Q: You have a contract with Mercedes. Is that the first brand to the battery chemistry? And what other automakers are in line?
A: The first announced customer is Mercedes. They’ll use our technology in their EQ lineup starting with the G Wagon. We’re working with quite a lot of different automakers and going through the very rigorous testing process to confirm the performance that we can deliver before we can announce that we’re working with them.
Q: How does a silicon anode get rid of graphite and make the energy storage capacity higher?
A: In a lithium-ion battery, there are two halves, the anode and the cathode. And these take up almost half the space in the battery. The way silicon works is it’s able to bond with many more lithium atoms than graphite can in a much smaller space. So you can take out the graphite, which occupies half the battery, and you can replace it with silicon-based material that will occupy maybe 25 percent of the battery.
Q: When do you think we’ll all be driving electric vehicles?

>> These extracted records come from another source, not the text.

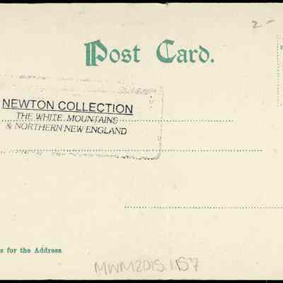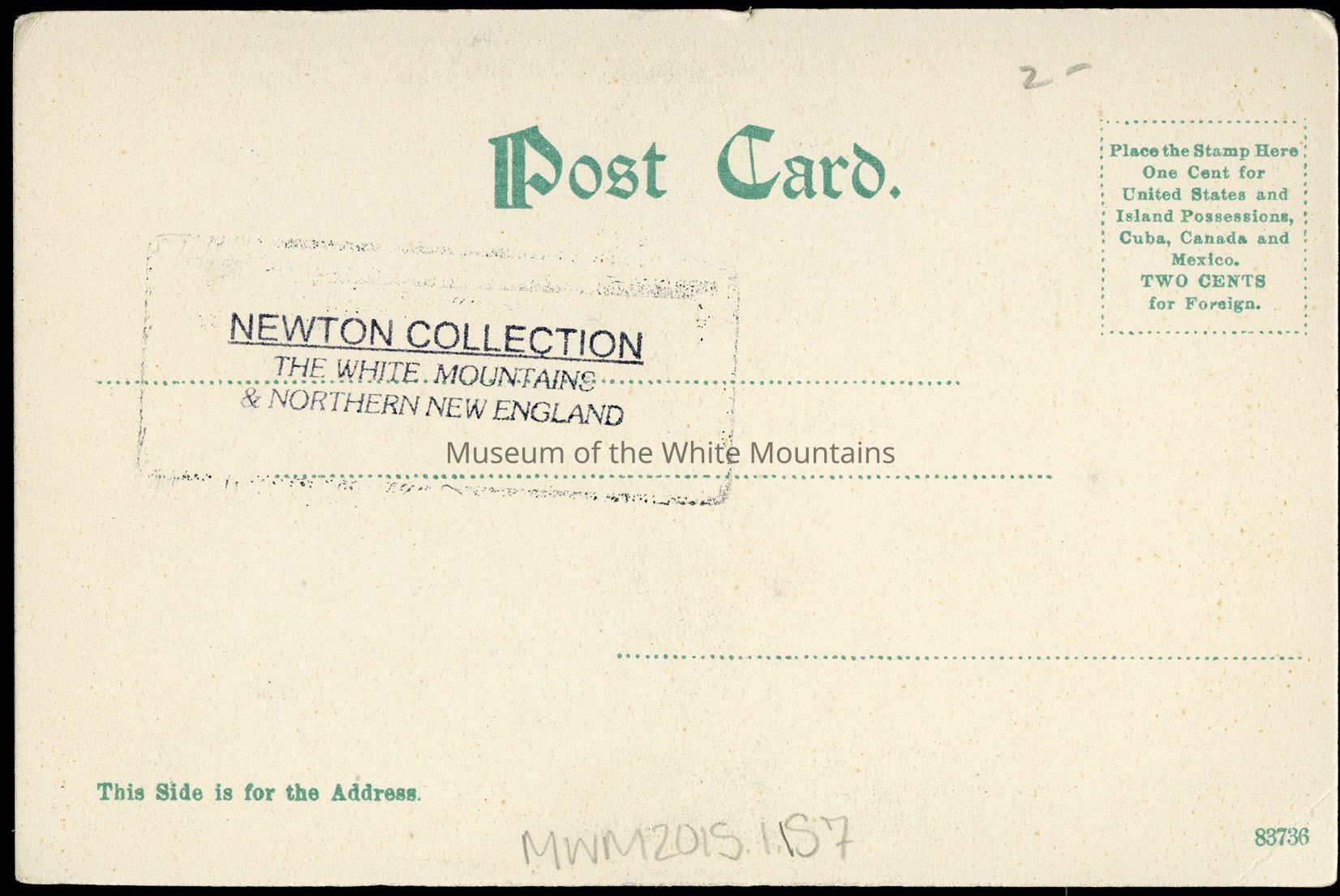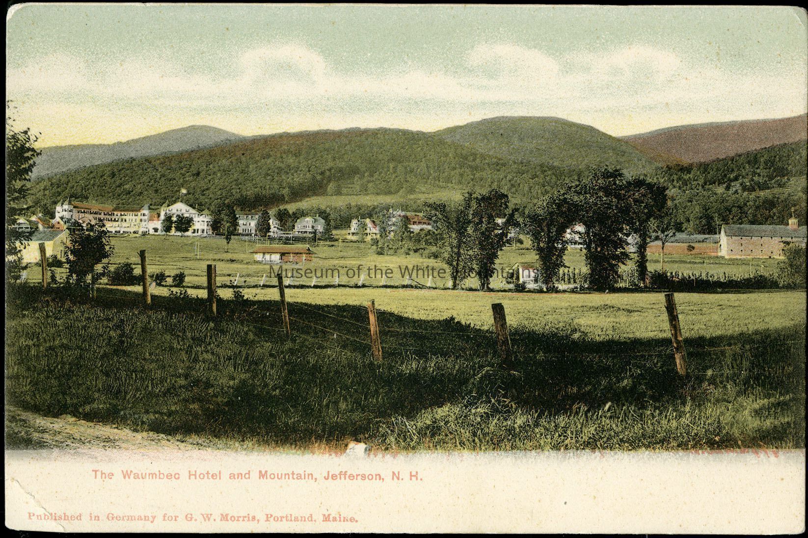 Fences line several fields in which houses, the Waumbec Hotel and other buildings are situated in the distance. In the background, are the mountains of the Pliney Range in Jefferson, New Hampshire. The sloping hills are covered in trees. Trees are scattered across the field. The Waumbec Hotel was built in 1860 and burned down in 1928. Published by the Hugh C. Leighton Co.Acquisition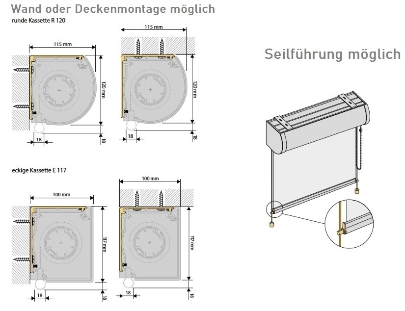 Alle dazugehörigen Teile dazu farblich passend. Wand oder Deckenmontage möglich. Der Behang ist optimal geschützt. MAXI Rollos in Übergrösse können mit Motor oder mit Kettenzug bedient werden. Bestellen Sie zum günstigen Preis im Shop. Lieferung auch in die Schweiz, Österreich und ausgewählte EU- Staaten möglich.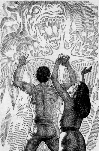 Harvey jerked back, shuddered to fight back a yell, and ran madly down the hill toward Dana, but she was no longer in sight. For one wild second Harvey thought she had disappeared over the Edge. A look confirmed the fallacy of the notion. But behind him, the three floating red eyes stared impassively. Angrily, he wrenched them from the air and flung the glowing coals out into Infinity, and had the satisfaction of watching them dwindle into nothing. He had no idea what they were; all he knew was he hadn't liked them.

A: We won’t all be driving EVs until probably the 2040s because there are so many vehicles on the road that will have to get turned over. Not only do you have to get to 100 percent of new cars sold being electric, but you have to do that for 10 to 15 years because people do hold on to their vehicle. Turning the entire fleet over is going to take until probably the middle of the century. I think the more exciting number is going to be when are we at 50 percent, 60 percent, 80 percent market penetration. The biggest constraint from us getting there by the mid-2030s is supply chain constraints. Can we find the nickel we need, can we find the lithium we need? Not find it but can we make those investments rationally? Can we ensure that permitting happens quickly, can we ensure that those investments become fruitful as as quickly as possible? I think it’s just going to be a question of the supply catching up with the demand.